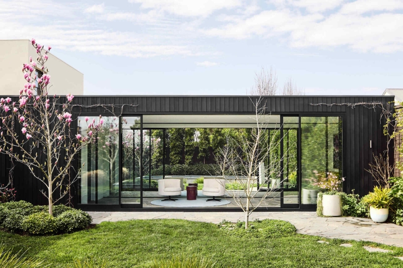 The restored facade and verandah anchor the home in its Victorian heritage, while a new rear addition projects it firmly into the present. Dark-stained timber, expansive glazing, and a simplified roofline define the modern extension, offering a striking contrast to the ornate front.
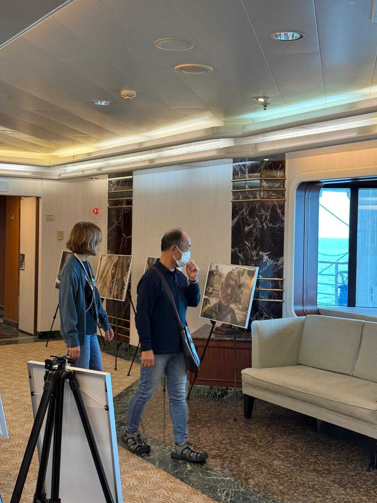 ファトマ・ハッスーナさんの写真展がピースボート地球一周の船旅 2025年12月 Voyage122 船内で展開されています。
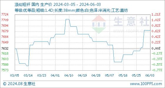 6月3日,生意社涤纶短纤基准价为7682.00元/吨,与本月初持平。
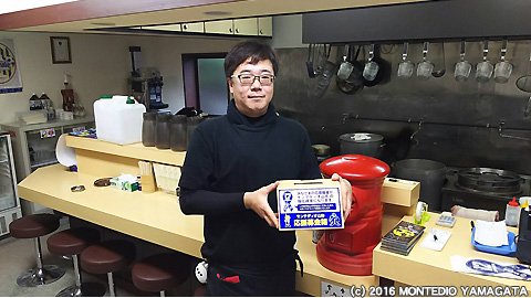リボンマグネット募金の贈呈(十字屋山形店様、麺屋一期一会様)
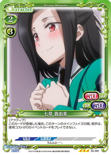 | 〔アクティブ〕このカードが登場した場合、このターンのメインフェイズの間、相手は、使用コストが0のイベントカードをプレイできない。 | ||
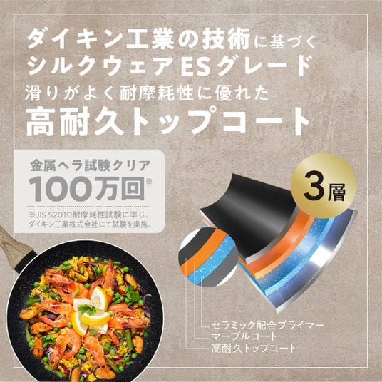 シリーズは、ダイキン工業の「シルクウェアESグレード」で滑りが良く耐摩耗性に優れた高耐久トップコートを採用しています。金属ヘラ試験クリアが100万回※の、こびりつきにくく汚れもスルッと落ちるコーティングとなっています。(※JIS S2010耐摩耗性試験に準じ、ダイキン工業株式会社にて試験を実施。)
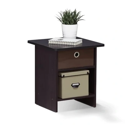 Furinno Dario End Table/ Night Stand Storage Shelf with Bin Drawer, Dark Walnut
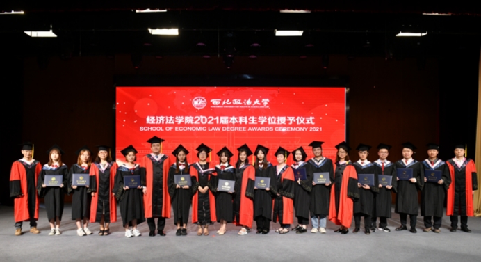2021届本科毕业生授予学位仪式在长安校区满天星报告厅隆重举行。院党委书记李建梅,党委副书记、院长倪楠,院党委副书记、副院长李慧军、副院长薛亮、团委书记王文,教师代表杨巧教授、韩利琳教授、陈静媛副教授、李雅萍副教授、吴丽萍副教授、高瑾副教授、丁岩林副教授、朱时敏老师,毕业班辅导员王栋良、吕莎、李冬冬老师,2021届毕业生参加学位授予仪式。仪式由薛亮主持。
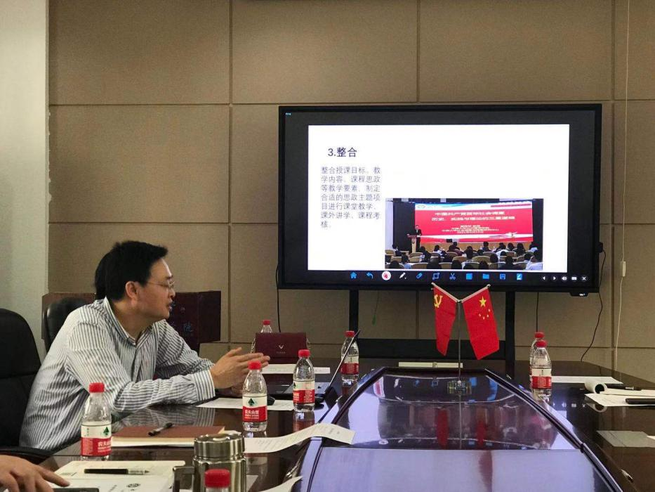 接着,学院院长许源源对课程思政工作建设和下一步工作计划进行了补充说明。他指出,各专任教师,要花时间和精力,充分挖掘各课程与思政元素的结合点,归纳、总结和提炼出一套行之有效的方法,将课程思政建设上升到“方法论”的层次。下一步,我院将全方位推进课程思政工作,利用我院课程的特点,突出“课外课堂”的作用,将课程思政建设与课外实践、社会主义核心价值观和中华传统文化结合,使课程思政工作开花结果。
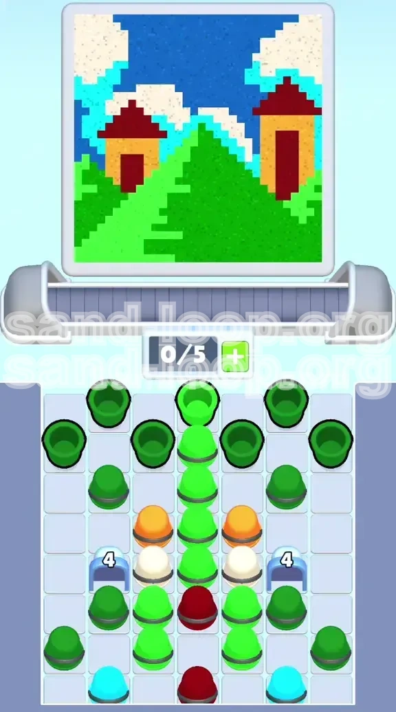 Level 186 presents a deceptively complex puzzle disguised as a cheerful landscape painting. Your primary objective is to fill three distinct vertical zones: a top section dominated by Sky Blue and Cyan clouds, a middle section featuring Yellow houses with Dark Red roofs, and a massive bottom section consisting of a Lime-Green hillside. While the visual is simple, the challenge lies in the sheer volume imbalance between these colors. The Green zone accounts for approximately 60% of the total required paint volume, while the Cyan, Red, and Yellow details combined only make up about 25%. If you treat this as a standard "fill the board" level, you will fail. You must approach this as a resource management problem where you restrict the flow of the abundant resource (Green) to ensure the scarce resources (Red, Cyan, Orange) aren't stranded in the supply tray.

-*-*-

** Your objective **
Write out each line of the data exactly; the images should be left out.

** Task output **
 The restored facade and verandah anchor the home in its Victorian heritage, while a new rear addition projects it firmly into the present. Dark-stained timber, expansive glazing, and a simplified roofline define the modern extension, offering a striking contrast to the ornate front.
 ファトマ・ハッスーナさんの写真展がピースボート地球一周の船旅 2025年12月 Voyage122 船内で展開されています。
 6月3日,生意社涤纶短纤基准价为7682.00元/吨,与本月初持平。
リボンマグネット募金の贈呈(十字屋山形店様、麺屋一期一会様)
 | 〔アクティブ〕このカードが登場した場合、このターンのメインフェイズの間、相手は、使用コストが0のイベントカードをプレイできない。 | ||
 シリーズは、ダイキン工業の「シルクウェアESグレード」で滑りが良く耐摩耗性に優れた高耐久トップコートを採用しています。金属ヘラ試験クリアが100万回※の、こびりつきにくく汚れもスルッと落ちるコーティングとなっています。(※JIS S2010耐摩耗性試験に準じ、ダイキン工業株式会社にて試験を実施。)
 Furinno Dario End Table/ Night Stand Storage Shelf with Bin Drawer, Dark Walnut
2021届本科毕业生授予学位仪式在长安校区满天星报告厅隆重举行。院党委书记李建梅,党委副书记、院长倪楠,院党委副书记、副院长李慧军、副院长薛亮、团委书记王文,教师代表杨巧教授、韩利琳教授、陈静媛副教授、李雅萍副教授、吴丽萍副教授、高瑾副教授、丁岩林副教授、朱时敏老师,毕业班辅导员王栋良、吕莎、李冬冬老师,2021届毕业生参加学位授予仪式。仪式由薛亮主持。
 接着,学院院长许源源对课程思政工作建设和下一步工作计划进行了补充说明。他指出,各专任教师,要花时间和精力,充分挖掘各课程与思政元素的结合点,归纳、总结和提炼出一套行之有效的方法,将课程思政建设上升到“方法论”的层次。下一步,我院将全方位推进课程思政工作,利用我院课程的特点,突出“课外课堂”的作用,将课程思政建设与课外实践、社会主义核心价值观和中华传统文化结合,使课程思政工作开花结果。
 Level 186 presents a deceptively complex puzzle disguised as a cheerful landscape painting. Your primary objective is to fill three distinct vertical zones: a top section dominated by Sky Blue and Cyan clouds, a middle section featuring Yellow houses with Dark Red roofs, and a massive bottom section consisting of a Lime-Green hillside. While the visual is simple, the challenge lies in the sheer volume imbalance between these colors. The Green zone accounts for approximately 60% of the total required paint volume, while the Cyan, Red, and Yellow details combined only make up about 25%. If you treat this as a standard "fill the board" level, you will fail. You must approach this as a resource management problem where you restrict the flow of the abundant resource (Green) to ensure the scarce resources (Red, Cyan, Orange) aren't stranded in the supply tray.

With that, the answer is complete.